What Happens to Debt When You Die? | MetLife (2024)

Losing a loved one is never easy and surviving family members are often left with the logistics of planning a funeral, cleaning out a home, and writing an obituary. It’s also possible for someone to die with debt — which poses the question, “Can you inherit debt?” Knowing what debts are forgiven at death and which must be repaid by surviving family members can make this time of transition a little easier.

In most cases, debt isn’t inherited and is often settled by the estate or forgiven. However, there are a few exceptions when surviving family members may be left with debt. Let’s discuss what happens if someone dies with debt and how to help protect loved ones from debt collection.

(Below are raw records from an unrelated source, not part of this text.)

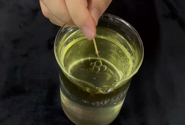 不過(guò)如果我們用牙簽去破壞這個(gè)界面,小水球就會(huì)“合成”大水球,或者如果去破壞水球與下方水面之間的油膜的話,水球就會(huì)破裂、流入燒杯底部。
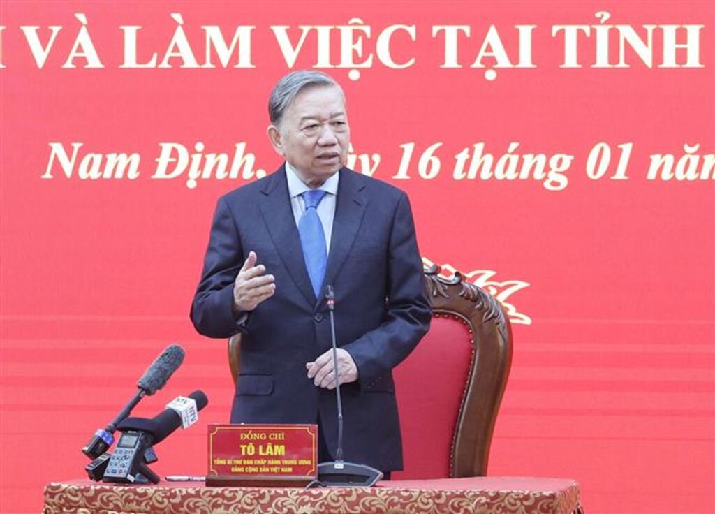 | Le secrétaire général du Parti, Tô Lâm, s'exprime lors d'une séance de travail avec les autorités de la province de Nam Dinh, le 16 janvier. |
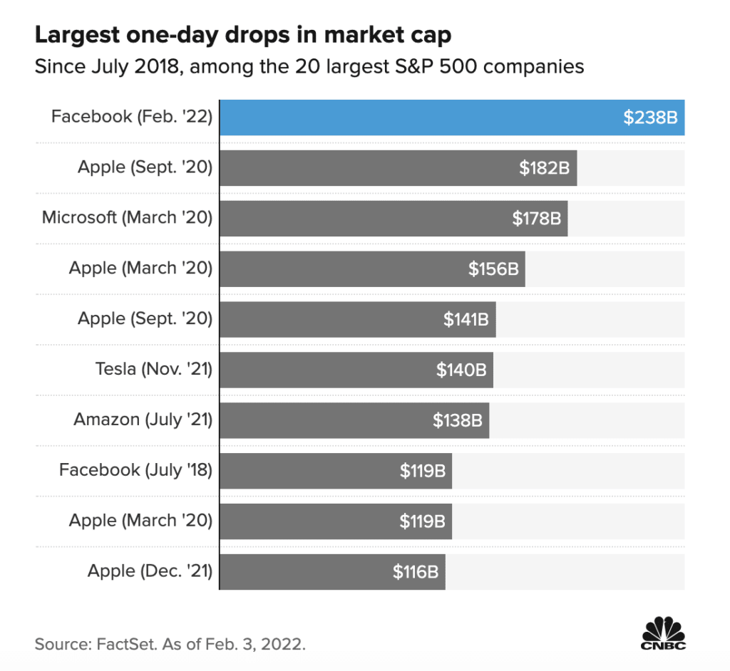 ในส่วนของ Meta หรือว่า Facebbok นั้น ทำให้หุ้นของเฟซบุ๊กกลายเป็นหุ้นที่ “ตกลงในวันเดียว มูลค่าลดลงมากที่สุดในประวัติศาสตร์” เลยทีเดียว
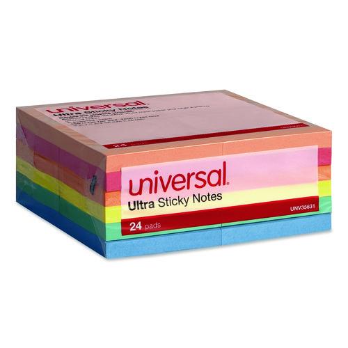 Ultra Sticky Note Pads, 3" x 3", Assorted, 100 Sheets/Pad, 24 Pads/Pack
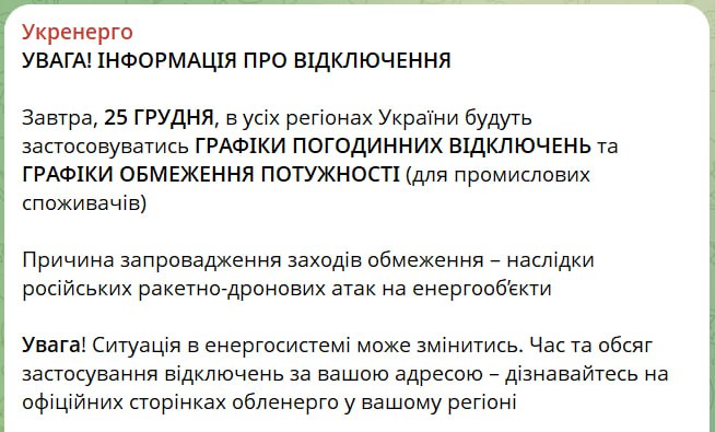 18.44 Графики отключения света завтра будут действовать во всех регионах, сообщает "Укрэнерго".
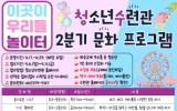 화순 여흥기 기자2025. 03.20[나이스데이]화순군은 20일 군립청소년수련관에서 '2025년 2분기 문화 프로그램 참가자 172명을 선착순 모집한다고 밝혔다. 이번 2분기 프로그램은 청소년들이 창의력과 자기 표현력을 키울 수 있도록 스포츠·요리·악기 등 다양한 분야의 강좌를 운영하며, 수련관 이용 청소년의 관심사와 요구를 반영했다. 수업은 ▲슬기로운 ‘스포츠’ ▲‘다트’ 챔피언 ▲맛있는 그림책 ‘리딩푸드’ ▲‘발레’ 꽃이 피었습니다 ▲‘체스’ 다이브 ▲‘도시락’ 만들어 봄 ▲스텝 바이 스텝 ‘클라이밍’ ▲상상 놀이터 ‘창의 미술’ ▲‘통기타’ 스타트 ▲‘마술’…
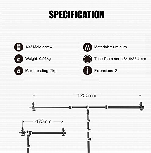 - Fotoconic Multi Functional Reflector Holder, Boom Arm, Background Crossbar (21"-49" / 53-125cm) with Solid Locking Metal Swivel Head Grip offers reliable performance and quality- Reflector holder extension is long enough and 1/4" interface design, can be fixed Monolight, Reflector board, flash frames, LED video light and more device

How debt is handled when you die

Most debt isn’t inherited by someone else — instead, it passes to the estate.1 During probate, the executor of the estate typically pays off debts using the estate’s assets first, and then they distribute leftover funds according to the deceased’s will. However, some states may require that survivors be paid first.1 Generally, the only debts forgiven at death are federal student loans.2

Solvent vs. insolvent estate

If the estate has enough money to cover all debts and more, it’s considered solvent. But if it doesn’t have enough, it’s considered insolvent.3

If the estate is insolvent, creditors may forgive debts the estate can’t cover. If the estate is solvent, any money or property remaining after debts are distributed among beneficiaries.

While it can vary by state, most debts are settled in the following order when an estate is insolvent:4

  1. Estate taxes and legal fees
  2. Funeral and burial expenses
  3. Outstanding federal taxes
  4. Outstanding medical debt
  5. Outstanding property taxes
  6. Outstanding personal debt (credit card debt and personal loans)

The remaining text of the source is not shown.